Monday, December 8, 2014

Although these rats have fooled me before and have defied death, I'd say Romeo's days are definitely numbered. He's anorexic, can barely move, and is old as hell in ratty years. 

Andy thanked me for not dumping him after he visited (I don’t know why he thought I would do that at such a time). 

After the guilt bit me on the ass after "frivolously" dumping people years ago simply because I needed to "clear my head" or "find my way" or because I "didn't need" a particular person in my life, I vowed to be a better, more devoted friend. I may get annoyed with some people at times just as they do with me, but from here on out, in order to qualify for a Jodi dumping, you must have the following traits: 

The inability to accept me as I am without trying to control, change or judge me (though this doesn't mean you can't kindly tell me the color yellow looks shitty on me). 

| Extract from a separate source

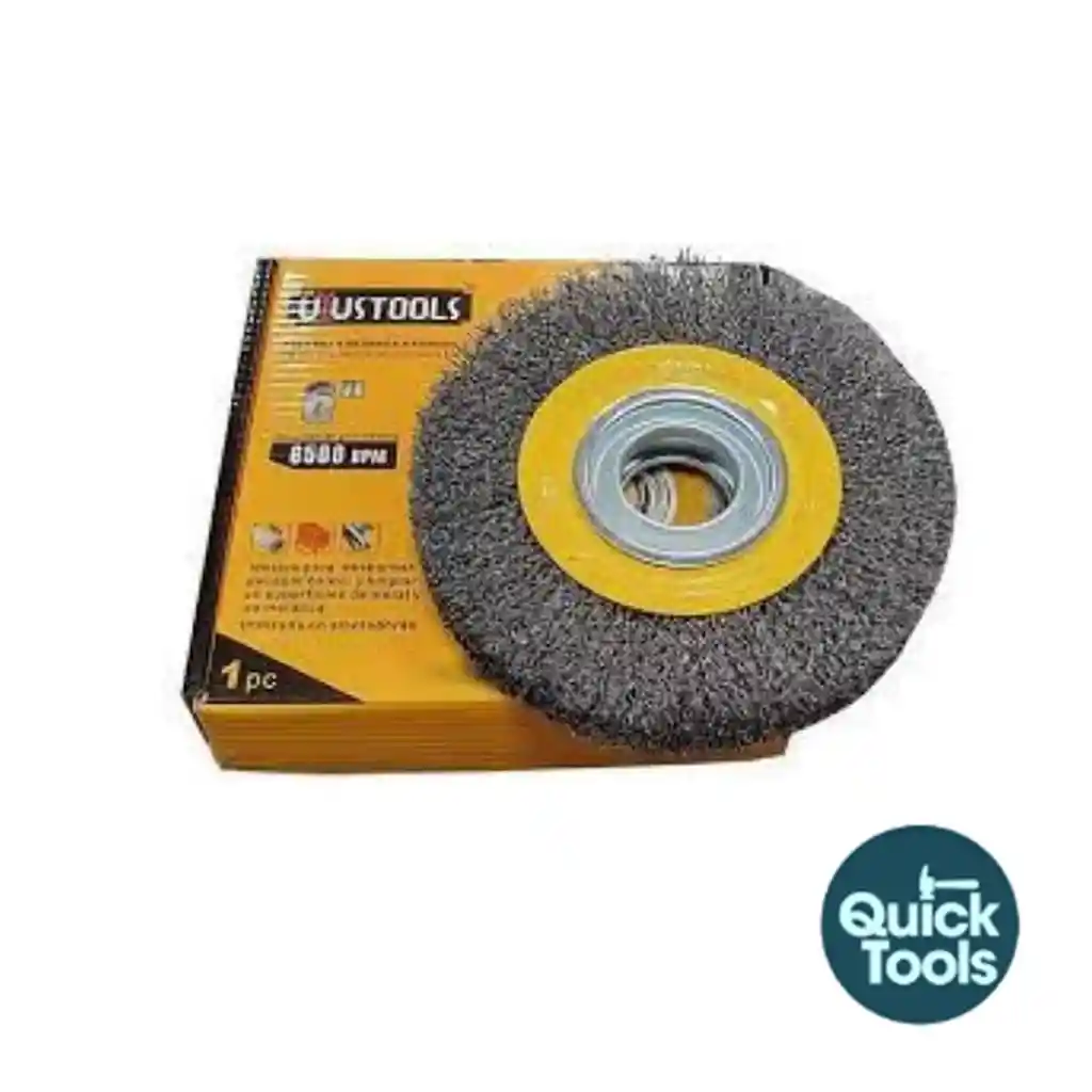 El disco esmeril trenzado UYUSTOOLS EBR106 es una herramienta de alta calidad diseñada para ofrecer un rendimiento excepcional en tareas de desbaste y acabado de superficies metálicas. Con un diámetro de 6 pulgadas, este disco es ideal para usar en esmeriles angulares y herramientas similares. Características Principales: Dimensiones: 6 pulgadas (150 mm) de diámetro, lo que proporciona un área amplia para trabajar y una mayor capacidad de eliminación de material. Construcción: El disco está fabricado con hilos de acero trenzado de alta resistencia, lo que garantiza una larga vida útil y una excelente durabilidad bajo condiciones de trabajo exigentes. Aplicaciones: Perfecto para el desbaste y limpieza de superficies metálicas, eliminación de óxido, y preparación de superficies para soldadura o pintura. Rendimiento: Su diseño trenzado permite una eliminación eficaz de material con menor esfuerzo, reduciendo el tiempo de trabajo y el desgaste de la herramienta. Seguridad: Diseñado para operar a altas velocidades de manera segura, cumpliendo con los estándares de seguridad industrial. Este disco esmeril trenzado es una herramienta confiable para profesionales y aficionados que buscan resultados de calidad y una herramienta duradera para sus proyectos de metalurgia.

The ability to lie to me. 

The willingness to use and abuse me at will to suit your own personal pleasures. 

An obvious lack of compassion and empathy should I become ill, poor, pissed, mad, sad or fearful of something be it a pack of angry wolves or the paperclip in my desk drawer. 

If you do not have any of these traits then you do not qualify for me to stick my finger down my throat and purge you out of my life. 

So that’s basically it! I mean there are a few other things that could drive me away – making false accusations against me, becoming overly clingy/demanding, having major trust issues, which basically means you wouldn’t believe a damn thing I (or anyone else) said, or acting extremely moody/contradictory. It has always annoyed the hell out of me when people feel one way one minute, then another the next, on a constant basis, or when they can’t follow through with their word. Excessive repetitiveness gets to me at times too, when all people want to do is discuss the same damn few subjects all the time, most of which I know nothing about and probably don’t want to. It’s highly unlikely I’d let someone go for being repetitive, though. We all get hung up on certain things at times. Oh, and I could definitely do without stupidity and immaturity at times, too. 

Dreams: I had a pet snake that crawled under a friend’s chair which I pulled out. The friend ran scared anyway. I also had a puppy or a small dog and was watching a reality show where a woman met some people she’d known in her abusive childhood, and was saying she had forgiven one woman who was particularly nasty to her in school. 

In the last dream, I hadn’t seen Tom for 9 years, though I have no idea why. I asked him what his best and worst experiences were during those years. He said his best was a computer program he wrote, and his worst was a foot injury.